§ To do:
Repeat each record exactly as written, and drop any images.

[Items from a dataset]
# # # # #

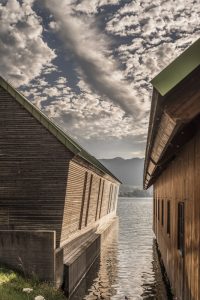 Stein und Holz – Material, das es immer schon vor Ort gab – wurden auch beim Bau der neuen Schiffswerft am Tegernsee verwendet. Insbesondere Holz ist konstruktives Element und – auch in der Bekleidung der Außenhaut – der prägende Werkstoff des Gebäudes. Wie selbstverständlich tragen die naturbelassene Konstruktion und die Baustoffe in ihrer materialgerechten Verwendung zur Erscheinungsform bei. Dabei ist der Neubau, eingeschoben zwischen den beiden bestehenden Bootshäusern, keineswegs ein Fremdkörper, sondern sorgt zusammen mit der einheitlichen Dachgestaltung aus grün beschichteten Blechbahnen für ein stimmiges Ganzes.
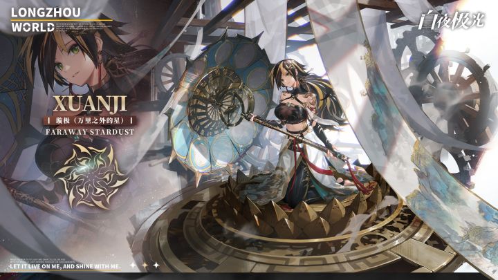 ▌璇极·万里之外的星传说在混沌的远古,人们以星为引,丈量万物。可星辰又太高太远,再怎么踮起脚尖,伸长双臂,都无法触及。故而星空,成了陆上生灵共同憧憬的梦。现在,璇极将星图摘下一角置于伞上,用它为你搭建风雨不侵的一隅世界。▌伊芙·红油至宝即便只穿着普通装束,伊芙也是红油扳手的人气王。然而她究竟有多受欢迎,恐怕连她自己也不清楚。决定为大家鼓气加油的她,在换上这身不知道从哪里搞来的奇怪衣着后,人气
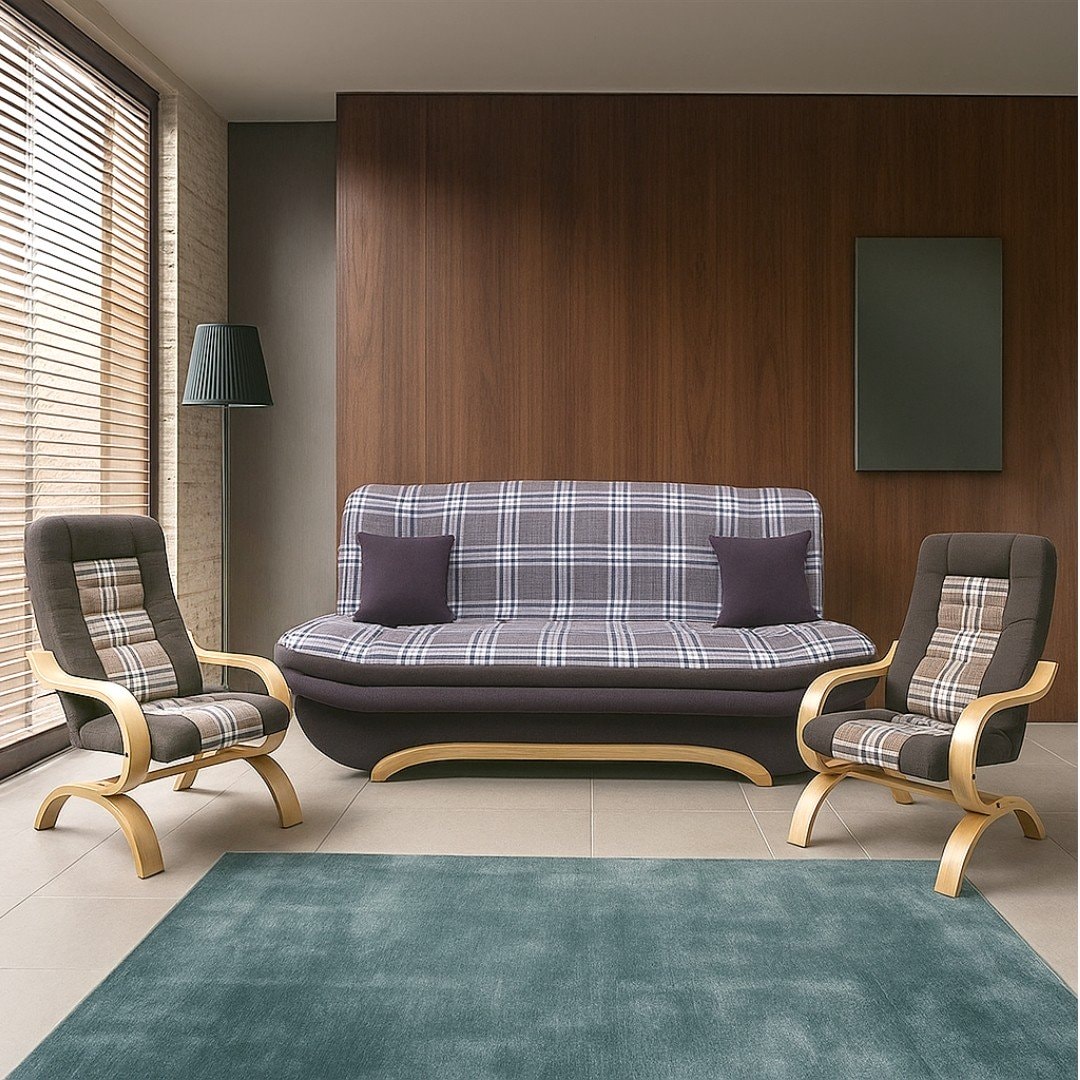 Pohovka PONTON je potažená látkovou kombinací Muna 7/Lobox 1 (hnědá/béžová) s retro károvaným designem.
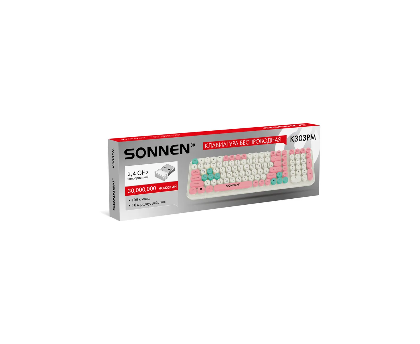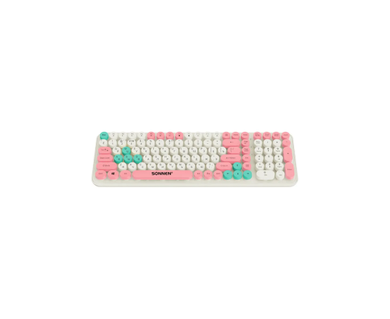 Клавиатура беспроводная SONNEN K303PM (513977) USB, 105 клавиш слоновая кость/розовый/мятный
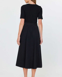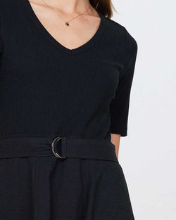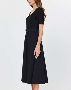 This timeless black midi dress features a v-neck ribbed knit top with short sleeves and a woven a-line flair skirt combined into one look of a polished dress. Complete with a belted waist, this dress is sophisticated and flattering.
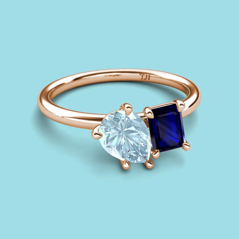 Pear Shape Aquamarine & Emerald Shape Blue Sapphire 2.10 ctw Four Prong Womens 2 Stone Duo Engagement Ring 18K Rose Gold More Details ...
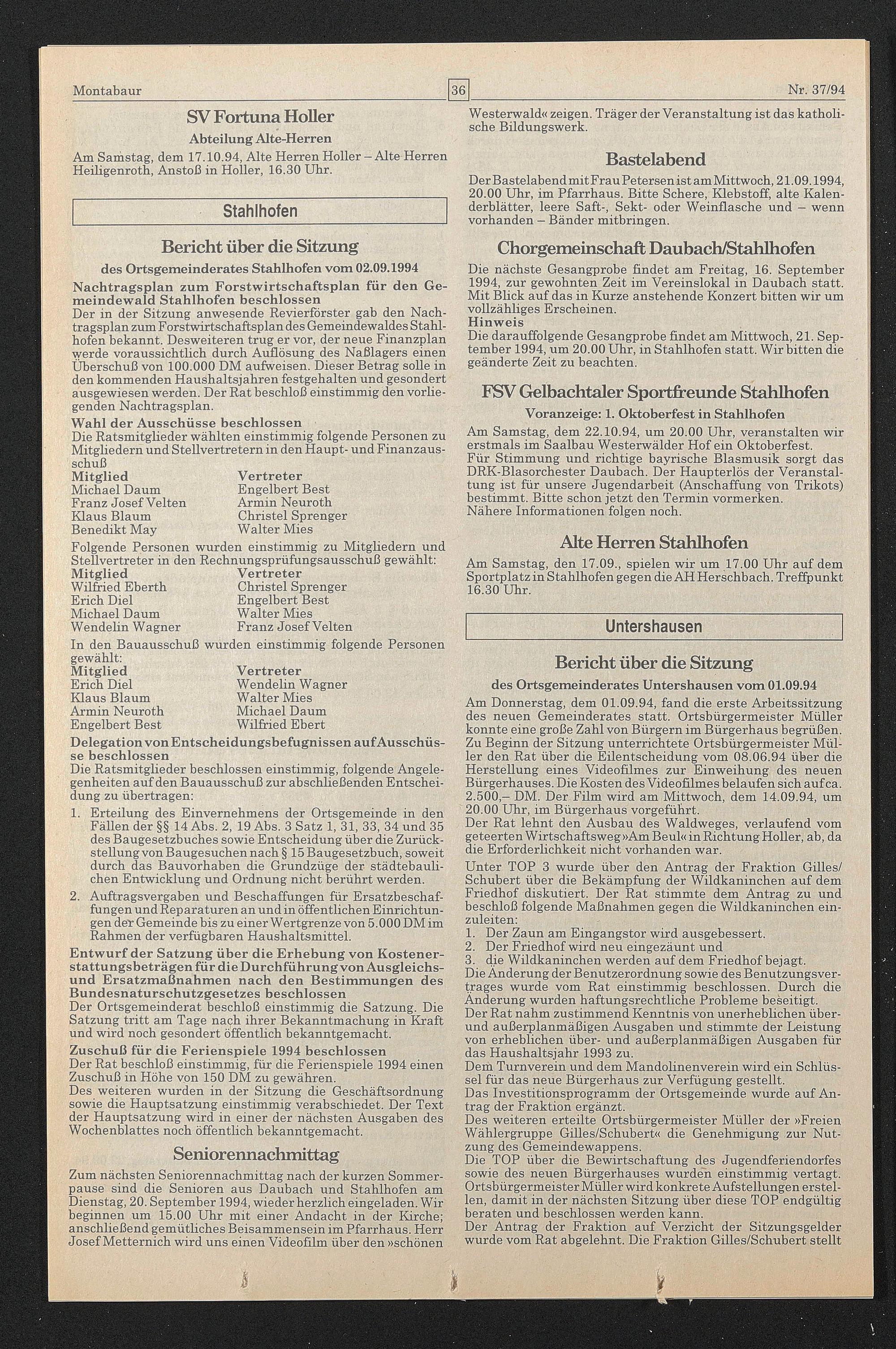 Zum nächsten Seniorennachmittag nach der kurzen Sommerpause sind die Senioren aus Daubach und Stahlhofen am Dienstag, 20. September 1994, wieder herzlich eingeladen. Wir beginnen um 15.00 Uhr mit einer Andacht in der Kirche; anschließend gemütliches Beisammensein im Pfarrhaus. Herr Josef Metternich wird uns einen Videofilm über den »schönen

# # # # #

§ Solution to the problem:
 Stein und Holz – Material, das es immer schon vor Ort gab – wurden auch beim Bau der neuen Schiffswerft am Tegernsee verwendet. Insbesondere Holz ist konstruktives Element und – auch in der Bekleidung der Außenhaut – der prägende Werkstoff des Gebäudes. Wie selbstverständlich tragen die naturbelassene Konstruktion und die Baustoffe in ihrer materialgerechten Verwendung zur Erscheinungsform bei. Dabei ist der Neubau, eingeschoben zwischen den beiden bestehenden Bootshäusern, keineswegs ein Fremdkörper, sondern sorgt zusammen mit der einheitlichen Dachgestaltung aus grün beschichteten Blechbahnen für ein stimmiges Ganzes.
 ▌璇极·万里之外的星传说在混沌的远古,人们以星为引,丈量万物。可星辰又太高太远,再怎么踮起脚尖,伸长双臂,都无法触及。故而星空,成了陆上生灵共同憧憬的梦。现在,璇极将星图摘下一角置于伞上,用它为你搭建风雨不侵的一隅世界。▌伊芙·红油至宝即便只穿着普通装束,伊芙也是红油扳手的人气王。然而她究竟有多受欢迎,恐怕连她自己也不清楚。决定为大家鼓气加油的她,在换上这身不知道从哪里搞来的奇怪衣着后,人气
 Pohovka PONTON je potažená látkovou kombinací Muna 7/Lobox 1 (hnědá/béžová) s retro károvaným designem.
 Клавиатура беспроводная SONNEN K303PM (513977) USB, 105 клавиш слоновая кость/розовый/мятный
 This timeless black midi dress features a v-neck ribbed knit top with short sleeves and a woven a-line flair skirt combined into one look of a polished dress. Complete with a belted waist, this dress is sophisticated and flattering.
 Pear Shape Aquamarine & Emerald Shape Blue Sapphire 2.10 ctw Four Prong Womens 2 Stone Duo Engagement Ring 18K Rose Gold More Details ...
 Zum nächsten Seniorennachmittag nach der kurzen Sommerpause sind die Senioren aus Daubach und Stahlhofen am Dienstag, 20. September 1994, wieder herzlich eingeladen. Wir beginnen um 15.00 Uhr mit einer Andacht in der Kirche; anschließend gemütliches Beisammensein im Pfarrhaus. Herr Josef Metternich wird uns einen Videofilm über den »schönen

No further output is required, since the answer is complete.